How to index your podcasts with language AI in Python
The other week I wrote about using Language AI to listen to 5500 hours of Joe Rogan’s podcasts. My code reads in MP3s, transcribes them, tags entities and sentiments, and then gives you a query endpoint to search the results.
In 5 minutes, you’ll have analyzed your own audio
In this post, we’ll step through a minimal example where I’ll try to answer 2 questions from one of Joe Rogan’s podcasts:
- What does Edward Snowden say about Trump, Obama, and Biden?
- What makes Edward Snowden sad?
Step 1. Connect to Steamship
We’ll be using Steamship to run our AI pipeline. So you’ll need to set up your Steamship credentials. You can log in and fetch your credentials using the CLI if it's your first time connecting to Steamship.

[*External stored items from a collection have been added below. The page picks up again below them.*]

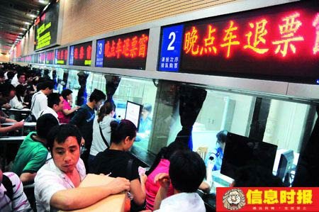 京廣線韶關(guān)段發(fā)生泥石流 45列車晚點(diǎn)3小時(shí)。圖為廣州火車站加開到10個(gè)退票窗口,供旅客退票。陸明杰 攝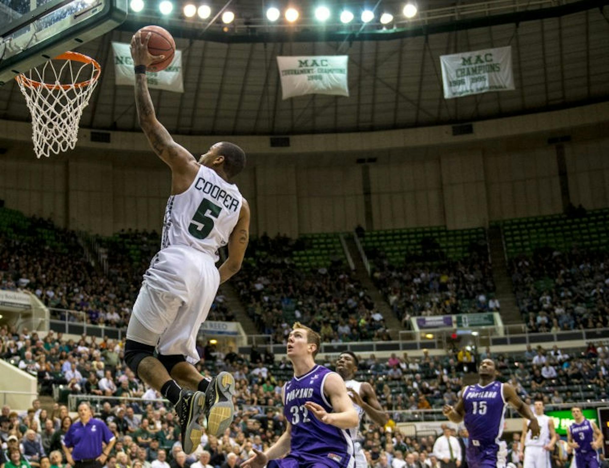 Ohio senior guard D.J. Cooper rises up for a layup during Ohio's season-opener against Portland Saturday. (Jason Chow | Staff Photographer)
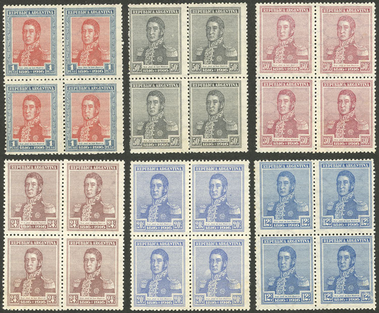 GJ.414/419, 6 values of the set in blocks of 4, VF quality (Image)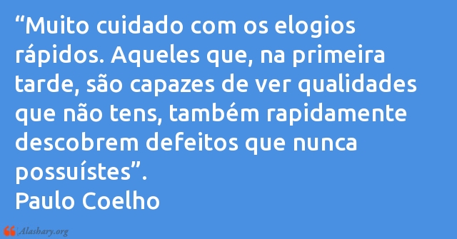 “Muito cuidado com os elogios rápidos. Aqueles que, na primeira tarde, são capazes de ver qualidades que não tens, também rapidamente descobrem defeitos que nunca possuístes”.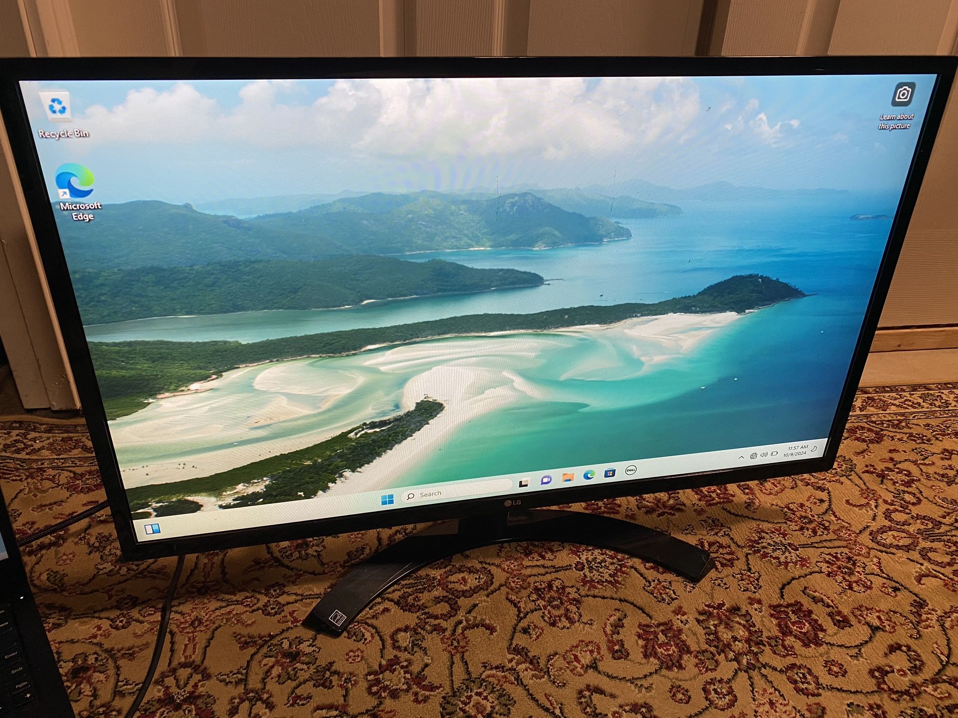 LG 32MP58HQ-P 32-Inch IPS Monitor with Screen Split, Black in great shape,clean and fully functional. Comes with Power Brick and hmdi cable. Full HD IPS display On screen control; Black stabilizer; Refresh rate 60 Hertz OS compatibility windows 10 Screen split 2.0 ,Dimension without stand (WxHxD) 28.6x 16.9x 3.7 Inch with stand (WxHxD) 28.6 x 19.4 x 8.1 Inch Resolution 1920 x 1080; Aspect Ratio 16:9. Surface Treatment : Anti Glare, 3H.Refresh Rate 60 Hertz INPUTS/OUTPUTS: HDMI (ver 1.4) Yes D Sub Yes; Reader Mode. Contrast ratio - 1000:1 32MP58HQ-P Key Features: - Full HD IPS Display - On-Screen Control with Screen Split 2.0 - Black Stabilizer - Reader Mode Boasting true-to-life colors, IPS monitors lessen color loss and help to keep colors consistent at virtually any viewing angle. The LED backlighting delivers deep black levels and rich colors for an amazing contrast and color detail. Features Full HD IPS Display IPS (In-Plane Switching) technology highlights the performance of liquid crystal displays. Response times are shortened, color reproduction is improved, and users can now view the screen at virtually any angle. On-Screen Control with Screen Split 2.0 On-Screen Control puts a host of essential monitor settings into a handy window for quick, easy access. Volume, brightness, picture mode presets, Screen Split 2.0 and Dual Controller and more can now be adjusted with just a few clicks of the mouse, instead of hard buttons on the monitor. Reader Mode Reducing blue light to help lessen eye fatigue, Reader Mode provides optimal conditions for reading. With just a click of a mouse, you can comfortably read your monitor screen. Black Stabilizer Keep visibility even in dark scenes. LG's Black Stabilizer senses dark scenes and helps make it brighter so that you can find the enemies hiding and waiting to attack your player in the dark.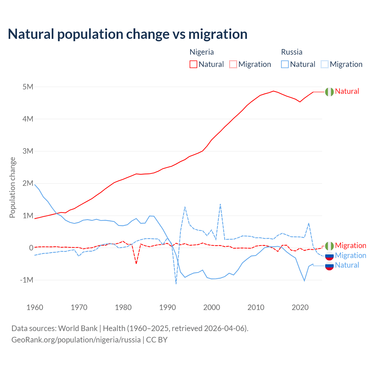 Over the last 10 years, 99.2% of the population change in Nigeria is from natural causes (a gain of 47,163,517 people) and 0.77% is from migration (a loss of 368,103 people). In Russia 48.6% is from natural causes (a loss of 3,416,377 people) and 51.4% is from migration (a gain of 3,611,826 people).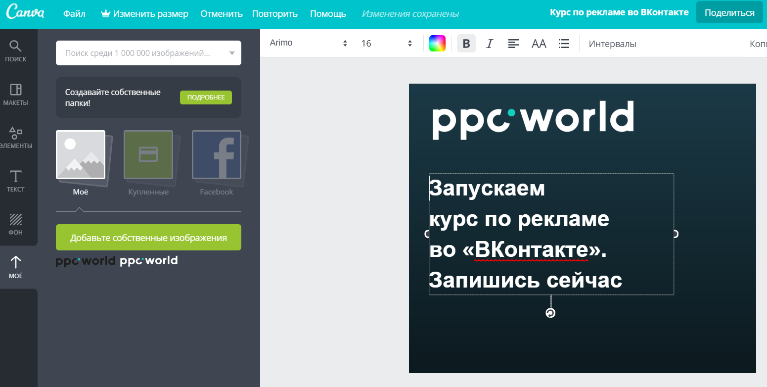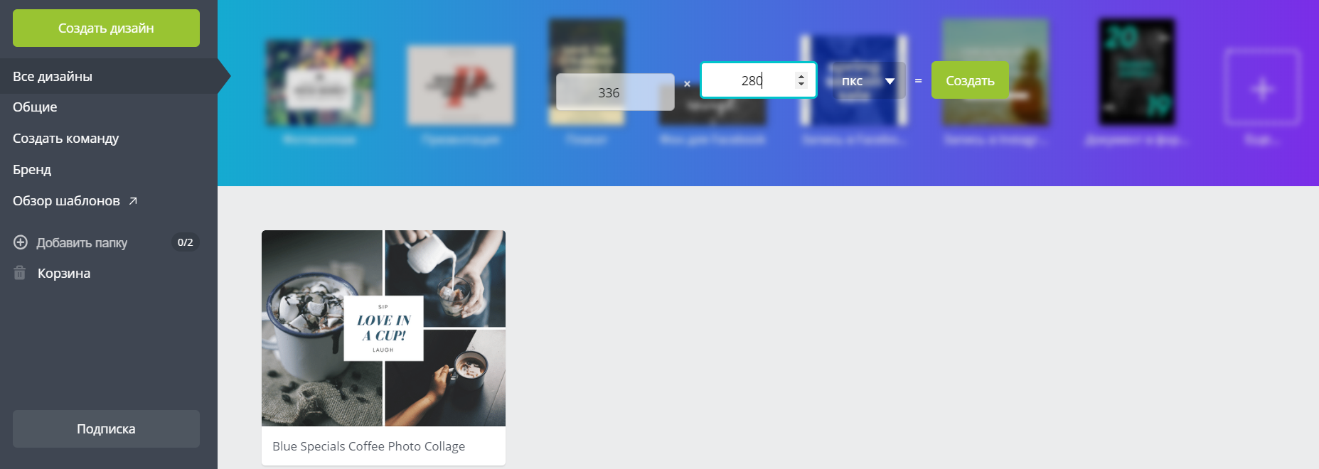 Сервис считается одним из самых популярных инструментов для создания графического контента. В нем много шаблонов открыток, постеров, презентаций, есть специальные форматы для соцсетей Facebook и Instagram.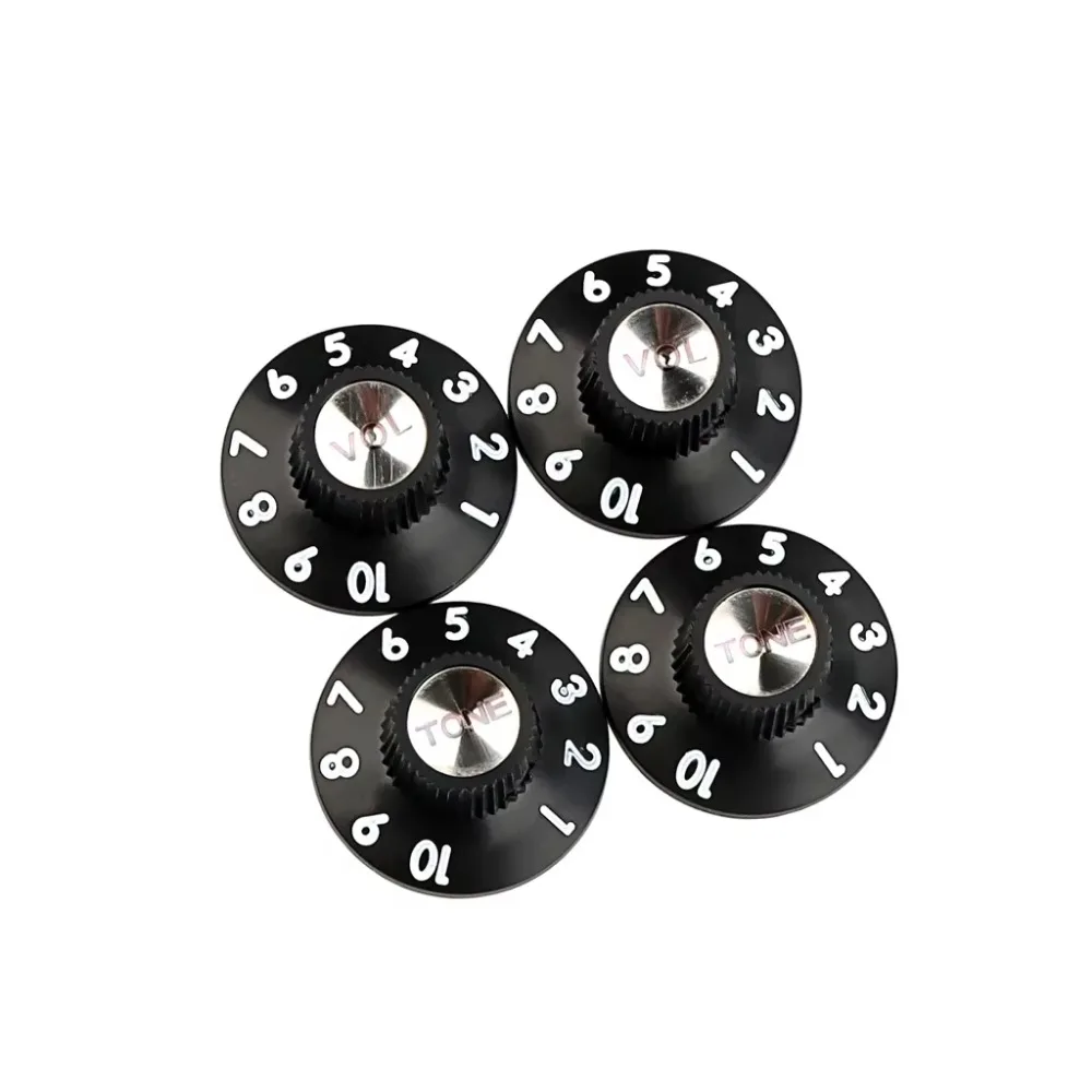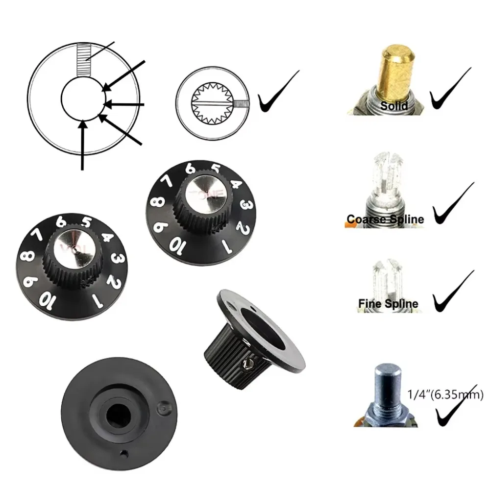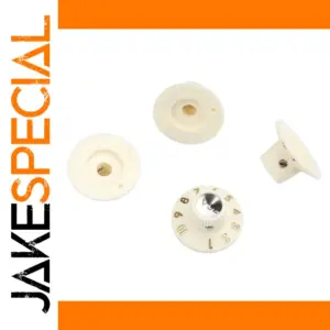 Enhance your musical gear with this set of vintage-inspired control knobs crafted from durable ABS plastic, featuring metallic aluminum and silver reflectors for a classic look. Measuring 15.7mm in height with a 30mm base diameter and 6.5mm inner hole diameter, these knobs are designed to fit 1/4″ solid shaft potentiometers. Available in sleek black and aged white finishes, each knob includes a metal set screw for secure attachment. Ideal for electric guitars, bass guitars, amplifiers, and effect pedals, they provide a stylish upgrade or replacement for worn or damaged controls, blending functional precision with retro aesthetic appeal.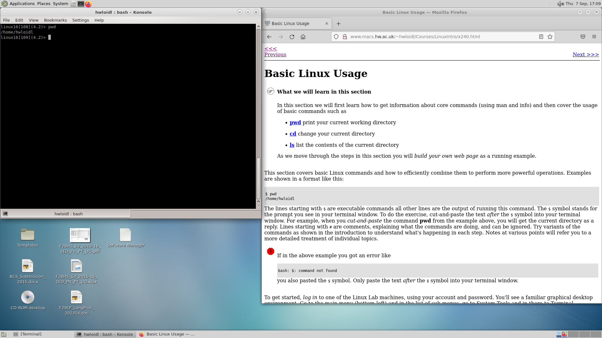 Now you can work through the Linux Introduction, starting with the Section called Basic Linux Usage. Use the Terminal window and the Web browser side-by-side, and type in the relevant commands (or cut-and-paste from the browser into the Terminal window).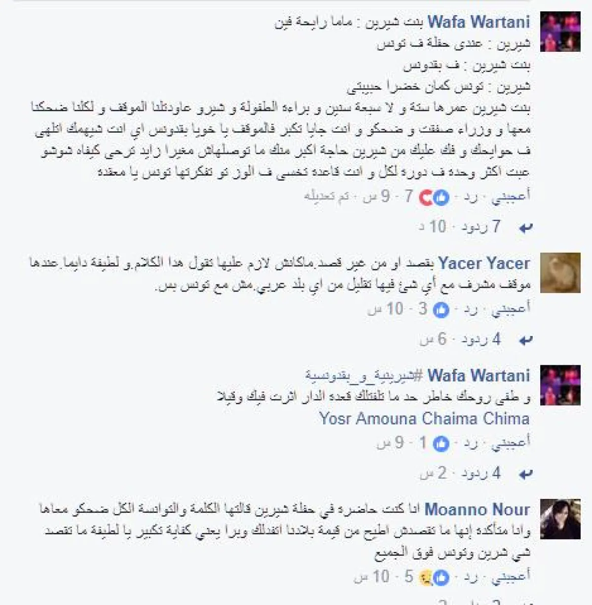 وأيّدها شاهد عيانٍ تونسي يدعى كريم بن عمار قائلاً: أنا كنت حاضر و شرين قالتها بكل تلقائية ، و ضحكنا على بنتها كيفاش قالتلها موش على بلادنا.

Step 2. Import my audio-analytics package
A Steamship package instance auto-scales, so you only have to do this once for each workspace. You can browse through the package code here, but here’s the TLDR of what I do: I use distributed Steamship services called plugins to transcribe, analyze, and index audio files.
Step 3. Upload your audio
You can upload your mp3 files by pointing to a publicly accessible URL. Any publicly accessible URL will work, including pre-signed URLs to S3 or Google Storage. If you want to upload local audio files directly to your package, you can use the helper method upload_audio_file featured here.
Step 4. Transcribe and analyze your audio
Your instance will transcribe, analyze, and index your mp3 asynchronously as soon as you’ve uploaded it. You’ll have to wait for the analysis to finish to fetch the transcription and its language AI features.